Sinhala has its own algorithm.

n8willis · 2018-08-08T21:19:02Z

Can the BASE_POS_LAST algorithm be described for Indic in general, or does it actually differ for each script?

It's the same for all (in HarfBuzz). I left it out of the 'general" document because there were (initially) other base-positioning rules and it seemed wrong to describe one algorithm but not the others. Subsequently, HarfBuzz extracted Khmer into a separate shaper and only BASE_POS_LAST and BASE_POS_LAST_SINHALA remain.

I think I would recommend leaving the BASE_POS_LAST algorithm description in each individual script page because, as you noted in the second comment, there are some minor differences at a practical level (like whether or not anything can actually take on a post-base form), so covering those all in one spot could get confusing. It would also add a lot of length, considering that it still needs to be in each script doc. But I'm open to persuasion.

Also does the base consonant always have shaping class "CONSONANT" and not "CONSONANT_DEAD"? (There is ambiguity due to a reference to consonants having this shaping class in 2.7: Post-base consonants).

So, based on my analysis of the Ragel machines, it is possible for a CONSONANT_DEAD to be identified as the base consonant. Whether or not real words do this is, naturally, a different matter. I think they don't.

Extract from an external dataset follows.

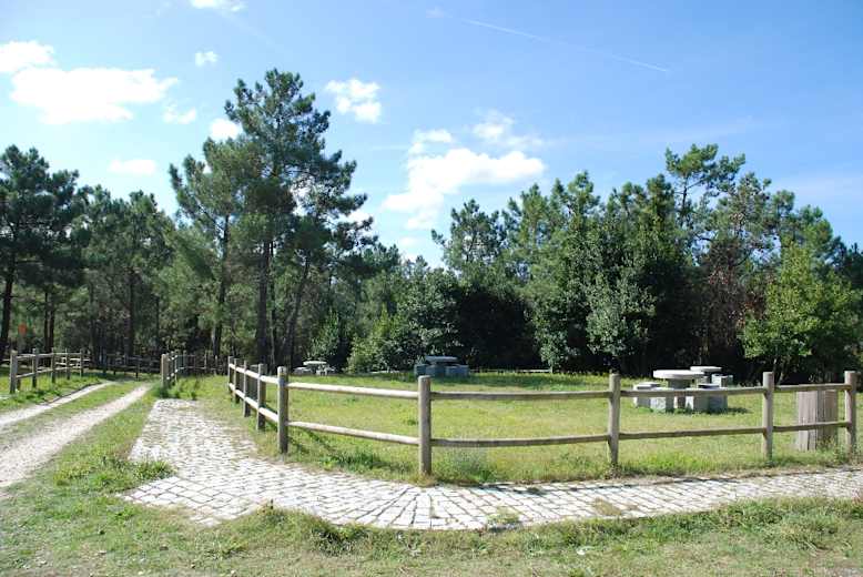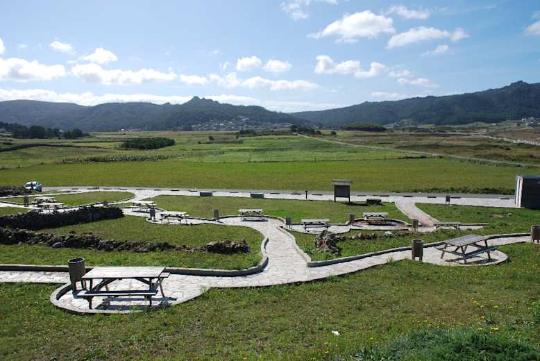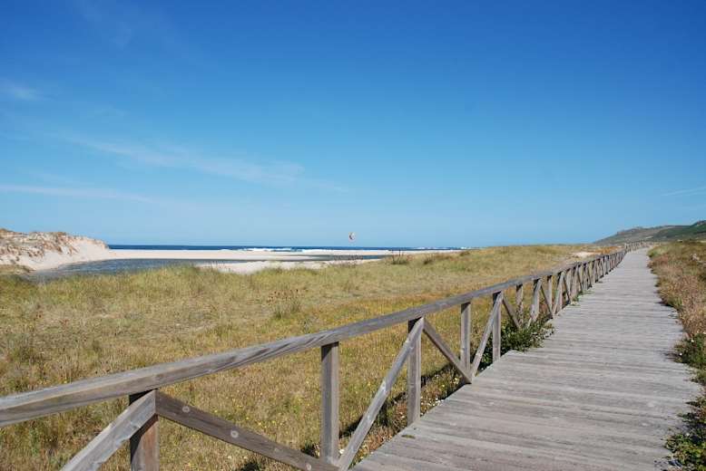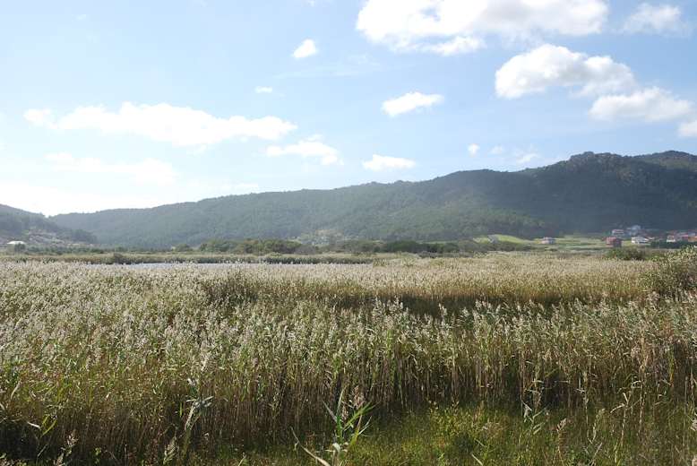 Hier biegen wir rechts ab, bald wird die Fahrspur zu einem Waldweg, in dessen Linkskurve folgen wir geradeaus dem Pfad. Nach knapp 500 m ignorieren wir den Pfad rechts und schwenken stattdessen nach links auf den bereits sichtbaren Picknickplatz oberhalb der Praia de Traba zu (Sitzbänke, Tische, Brunnen und WC). Von hier führt uns ein Holzsteg in 10 Min. durch das Feuchtgebiet zum Vogelbeobachtungspunkt an der Lagoa de Traba. Unterwegs erklären Schautafeln die Flora und Fauna, die kleine Lagune selbst versteckt sich unter Umständen hinter einem üppigen Schilfgürtel.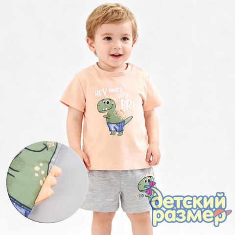 - принт дополнен объемным гребешком на футболке и шортах

But because CONSONANT_DEADs can occur in pre-base position, the classes are merged for the syllable-identification algorithm. So the shaper using the algorithm perhaps might identify a dead-consonant codepoint as base in a nonsense syllable -- but then again, it's "buyer beware" on nonsense syllables already, I would think.

For Sinhala, can the first consonant be preceded by a ZWJ and still be the last consonant?

My read is 'no'. The only possible beginnings for a valid consonant-based syllable are

repha
Consonant
consonantwithstacker

(And, for Sinhala, repha and consonantwithstacker don't exist in the script). The "broken syllable" expression can match potential-syllable-sequences starting with a ZWJ, but the shaper offers no guarantee of how they'll turn out.

Devanagari, Gujarati, Gurmukhi, Tamil, Malayalam, Kannada, and Telugu all have identical descriptions of the base consonant algorithm, although all but Malayalam have a note about lacking pre-base-reordering Ra and Kannada and Telugu have a note about all consonants having post-base form (does this mean we don't need to check the font for these?)

Right. Malayalan has a pre-base-reordering Ra, the others don't. Kannada & Telugu both allow any consonant to be a post-base form. As to whether the shaper needs to check the font, I guess that's a "level of trust" issue. If the font doesn't provide any post-base-form glyph variants through its GSUB, the user is probably not going to be able to read the resulting text since the shaping will look terrible. So an expensive check might not be worth it.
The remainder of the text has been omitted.